The cost is $95 per head, but before you say 'no, that's too much, even for Zimbabwe and the rhinos', let me point out that this includes a $50 donation to the charity, and the other $45 covers dinner, a glass of bubbles on arrival, and red and white wine during the meal. Given the price of drinks in Sydney I reckon $45 for a meal and wine - hell, even the full $95 - is pretty good. Plus, you get to ask Peter about the mouse.


Sunday, December 18, 2011

A monumental experience

Here's a picture of a cheetah, next to what appears to be a termite mound with a slit in it but which is, in fact, a man-made underground viewing hide.

There are two people inside the hide. The cheetah seems to be saying, hmmm, I love these things, crunchy on the outside, soft on the inside.

Who, you might ask, would be so silly as to sit in such a thing, with an esky (cooler box) full of beer while wild animals come and stick their faces, trunks and other bits and bobs through the aforementioned hole?

For the answer, I urge you all to waste a little more time and click through to my Getaway Magazine blog here. There's a report on my recent travels in Zimbabwe and my stay at 'The Hide', one of the most beautiful game lodges I've ever been to.

As for the here and now, I'm in the gold mining town of Barberton, where I believe The Power of One was set. I don't know for sure, as I saw the movie and didn't read the book. I'm doing a bit of research for Book 10.

Friday, December 16, 2011

Bom dia

Which means, i think, good morning in portuguese.
My iphone seems to have given up on facebook so i'm trying to blog from it now. Excuse the typos and lack of capitals (and words) as i'm using the infuriatingly tiny keyboard.

Mrs blog and i are now back in south africa after 10 lovely days on the beach in mozambique. I shall now attempt to post a pic or two.

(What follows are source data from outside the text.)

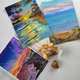 On a paper is drawn beautiful Incredible sunset by the sea with real emotions.
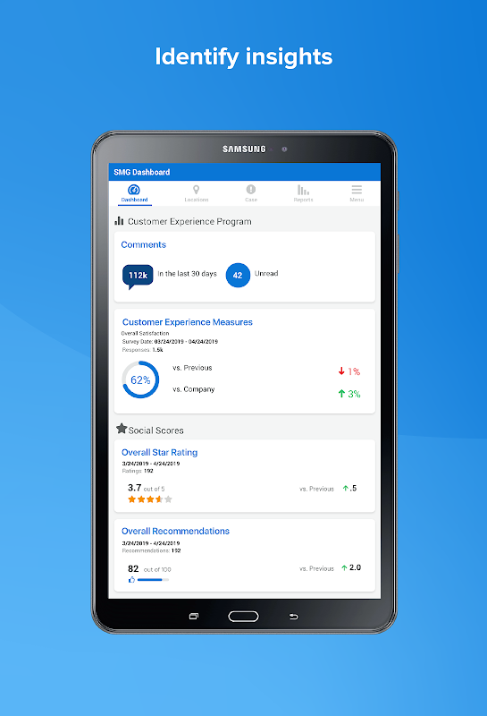 بالنسبة لعملاء SMG الذين لديهم اسم مستخدم وكلمة مرور صالحين ، يوفر تطبيق الإبلاغ عن smg360 وصولًا ديناميكيًا في الوقت الفعلي إلى تعليقات العملاء ومصادر البيانات الأخرى بغرض اتخاذ إجراء سريع بشأن الرؤى التي تعمل على تحسين تجارب العلامة التجارية وزيادة ولاء العملاء. تطبيق التقارير smg360 متاح بأكثر من 40 لغة.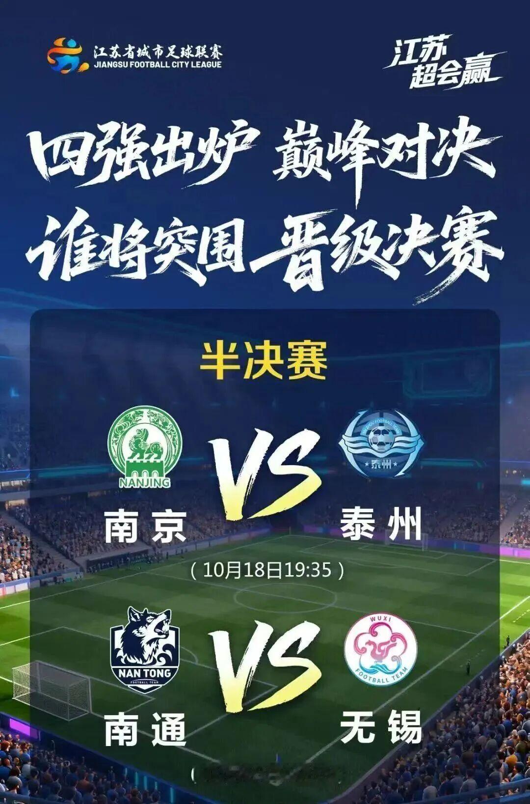 苏超半决赛周末即将打响,南京VS泰州这一场应该非常精彩,悬念要比南通VS无锡更大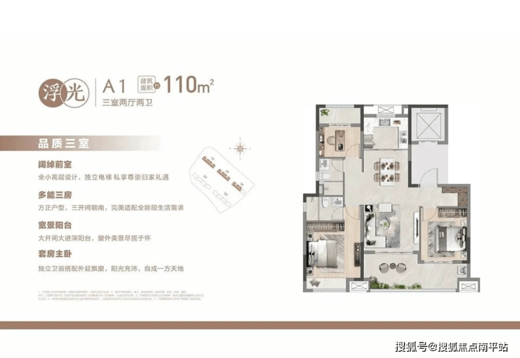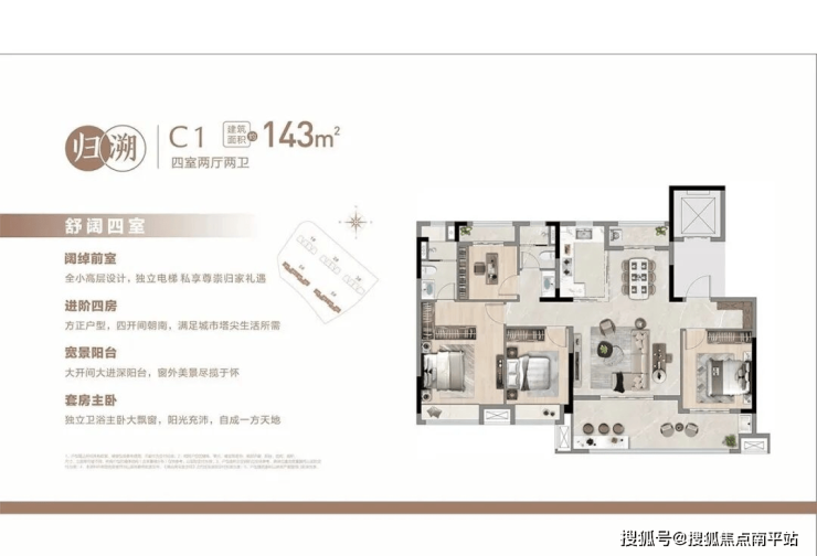 主推 110㎡三房和 143㎡四房户型,110㎡三房做到双卫设计,主卧带独立卫浴。143㎡四房设置独立家政间,主卧与次卧均带独立卫生间,动静分区合理,居住舒适度高。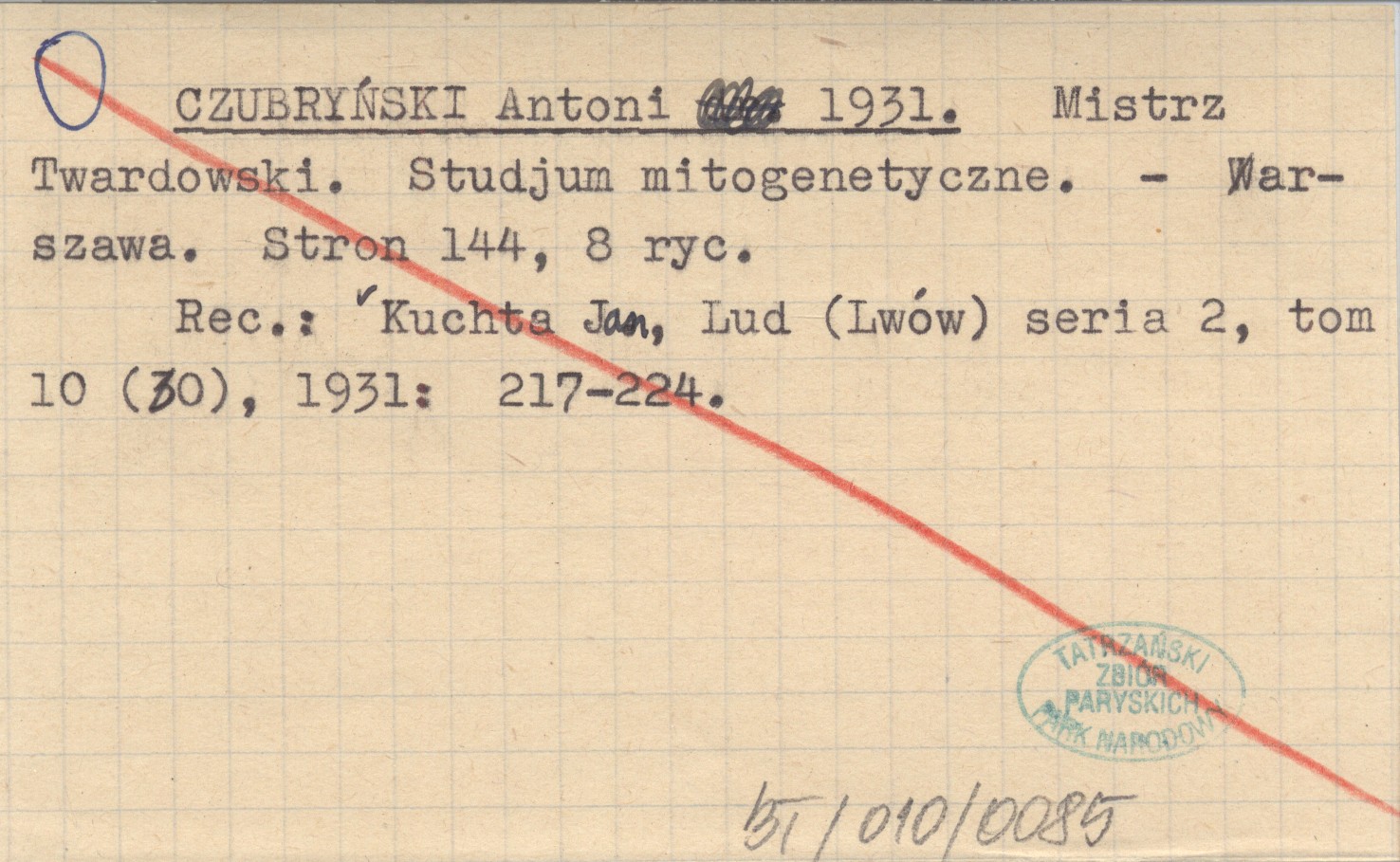 CZUBRYŃSKI Antoni 1931 Mistrz Twardowski. Studjum mitogenetyczne.

Should they materialise they are, in whatever order and wherever they appear, of my 'office' overlooking the beach at ponta da barra near inhambane (the office being our campsite) and a fetching shot of a goat hitching a lift on a truck bound for the capital, maputo.

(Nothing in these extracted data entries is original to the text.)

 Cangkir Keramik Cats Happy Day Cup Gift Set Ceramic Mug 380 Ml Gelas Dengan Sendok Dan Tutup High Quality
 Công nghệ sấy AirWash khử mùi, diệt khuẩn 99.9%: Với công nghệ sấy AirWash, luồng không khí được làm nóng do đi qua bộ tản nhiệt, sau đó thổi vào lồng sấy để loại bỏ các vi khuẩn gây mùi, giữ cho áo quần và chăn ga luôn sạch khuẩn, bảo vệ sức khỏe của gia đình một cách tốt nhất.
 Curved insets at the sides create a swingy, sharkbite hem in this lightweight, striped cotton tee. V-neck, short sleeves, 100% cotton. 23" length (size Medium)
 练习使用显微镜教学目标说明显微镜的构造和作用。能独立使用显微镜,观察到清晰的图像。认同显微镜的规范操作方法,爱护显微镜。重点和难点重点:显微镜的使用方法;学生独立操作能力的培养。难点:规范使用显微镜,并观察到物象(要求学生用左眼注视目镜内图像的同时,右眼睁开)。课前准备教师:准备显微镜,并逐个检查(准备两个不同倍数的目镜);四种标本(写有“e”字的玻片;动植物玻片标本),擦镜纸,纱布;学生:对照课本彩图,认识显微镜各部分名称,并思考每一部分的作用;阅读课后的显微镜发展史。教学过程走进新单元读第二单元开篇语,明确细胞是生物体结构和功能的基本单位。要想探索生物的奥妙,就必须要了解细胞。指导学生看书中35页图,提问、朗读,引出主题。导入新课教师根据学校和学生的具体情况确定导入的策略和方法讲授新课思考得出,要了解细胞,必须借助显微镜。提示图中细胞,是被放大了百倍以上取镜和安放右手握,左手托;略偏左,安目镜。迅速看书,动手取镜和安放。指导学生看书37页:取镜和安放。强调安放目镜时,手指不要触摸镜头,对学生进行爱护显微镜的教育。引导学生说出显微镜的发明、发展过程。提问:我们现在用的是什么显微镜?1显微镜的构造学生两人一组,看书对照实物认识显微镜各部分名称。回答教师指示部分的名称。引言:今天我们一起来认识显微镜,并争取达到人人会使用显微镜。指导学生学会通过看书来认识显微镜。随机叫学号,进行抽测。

Wednesday, November 09, 2011

A nice review from The Times



Greetings, all, from the very hot Biyamiti Bushveld Camp in the Kruger National Park. As I type this I'm watching 20 elephants and four buffalo jostling for position in the remaining pools in the Biyamiti River, just on the other side of the camp fence.

It doesn't get much better than that, my LOF (Legion of Fans... all three of you) unless, of course, you get a generally favourable review of your latest book in a UK daily broadsheet, such as The Times. And looky here what just appeared, last weekend.....

The Times,
Saturday, November 5
Book Reviews, Fiction
Peter Millar

Tony Park has set himself the mammoth task of re-creating a quite different world, also going from bad times to worse, in African Dawn, a sprawling family history of Rhodesia-Zimbabwe from the 1950s to the present day. We start with the 1959 protests about bus fares that highlighted the plight of unempowered native Africans in their own country, and continue through to the brutal expulsions of white farmers from what they, in turn, considered their ancestral lands in recent years.

There are a few stereotypes in the wronged black child who goes on to become a corrupt evil warlord and big-game poacher, the womanising gun-slinging colonial who goes off the rails, his hard-done-by introverted brother and two generations of up-for-it plucky gals. But there is probably some truth in all of them.

The anthropomorphising of a loner black rhino calf jars at first but he goes on to become an important leitmotif running through a half century of blood-soaked history. Park’s obvious role model is that great master of the colonial epic, Wilbur Smith, whose fans will not be disappointed to have found their spiritual heir.


Some big words in there, but not bad, eh? (I'd probably prefer to be Wilbur's actual monetary heir, rather than spiritual heir, but I'll take whatever I can get).